Tuesday, February 26, 2008

Practical Graph Isomorphism

Continuing my efforts to prove I was not just sitting out by the pool in New Zealand, I'll mention a highlight of the talks of Brendan McKay (of the Australian National University). Brendan has written code for graph isomorphism called nauty that works quite well in practice, handling graphs with up to millions of nodes. So while the complexity of the graph isomorphism problem is not known, it can be pretty hard to come up with bad examples that are actually hard to solve. As someone who's happy with good heuristics, I found it quite amusing to watch it in action. (On the other hand, it seems that many of the ideas behind this program are "old" by computer science standards. Are there any competing programs/approaches out there? Seems like a possible research direction. to revisit the algorithm engineering for this problem...)

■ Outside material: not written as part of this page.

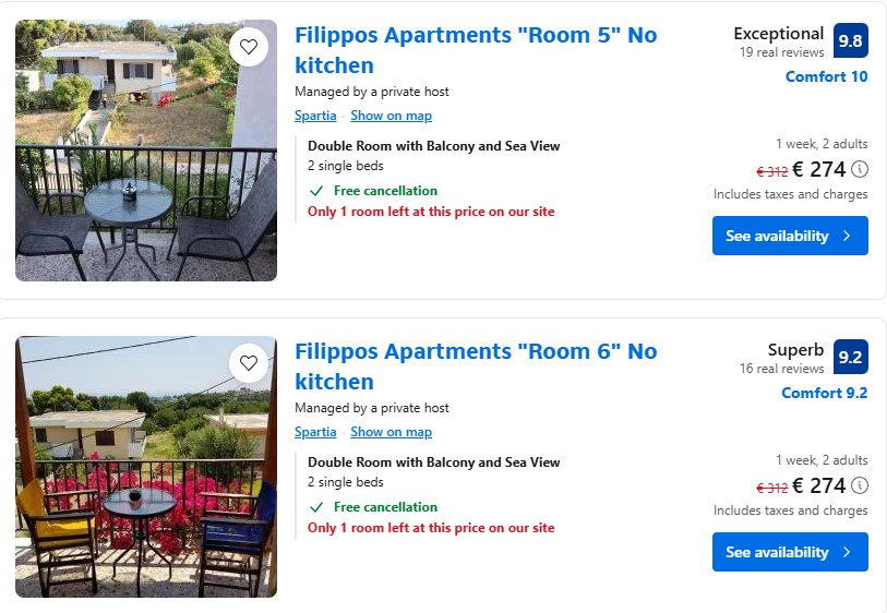 - Cazare (opt. 2/3): Filippos Apartments “Room 5” (sau 6, acelasi pret) – 274 euro / 7 nopti / camera dubla cu balcon si vedere la mare

While settling whether graph isomorphism is in P would certainly be interesting, Brendan pointed out that the question of whether it is in coNP is also quite important. Are there polynomial-sized certificates that can be used to prove that two graphs are not isomorphic? And one can imagine in practice one would like to have some methodology for easily convincing someone that two graphs aren't isomorphic.

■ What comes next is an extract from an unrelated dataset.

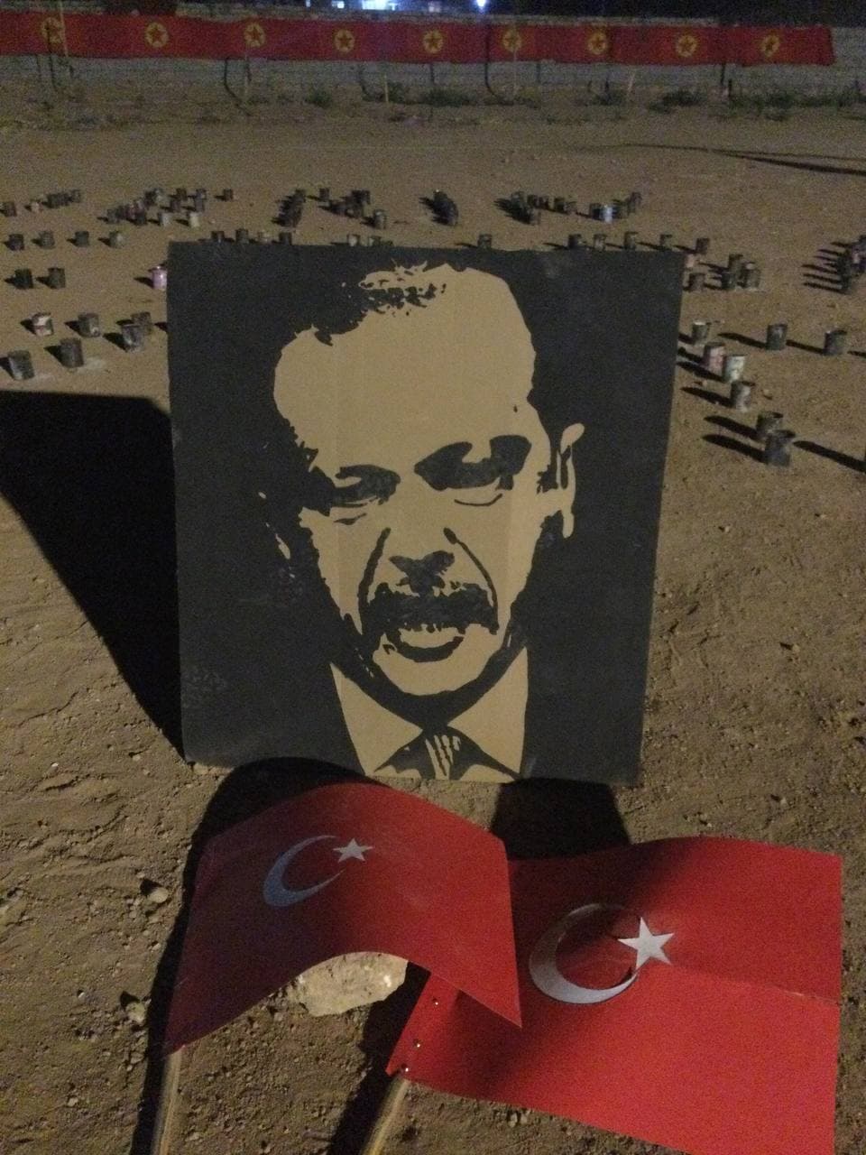 Piştî axiftina Bozan posterê Erdogan hat şevitandin û pîrozbahî bi govend gerandinê bi dawi bû.

As Brendan is a co-editor-in-chief of the Electronic Journal of Combinatorics, we also talked a bit at lunch about electronic journals (in particular the EJC). The EJC continues to grow successfully. (I'm happy to say I've published in it, back in 2004.) Remember to support your electronic journals.

Monday, February 25, 2008

Voting and Anti-Voting

While at NZIMA, I listened to Dominic Welsh's talks on Markov chains. It was a general talk, with a large chunk devoted to rapid mixing and applications. At some point he brought up the voter and anti-voter model, problems that I heard about a long time ago in the distant past, and that raised some questions in my mind.

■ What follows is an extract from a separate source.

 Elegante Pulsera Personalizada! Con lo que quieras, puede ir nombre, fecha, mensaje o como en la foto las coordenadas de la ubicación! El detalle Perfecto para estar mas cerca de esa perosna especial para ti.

The voter model can be expressed as follows. We have an undirected graph G, where each vertex has a label. For convenience, let's assume the labels are in {0,1}, although larger alphabets are possible. At each time step, a vertex x is chosen uniformly at random, and x chooses a neighbor y uniformly at random. Then x changes its label to match y's label. This is a Markov chain with absorbing states with all vertices having the same label. It's natural to ask things like what is the probability that you end up in the all 0/all 1 state from a given configuration.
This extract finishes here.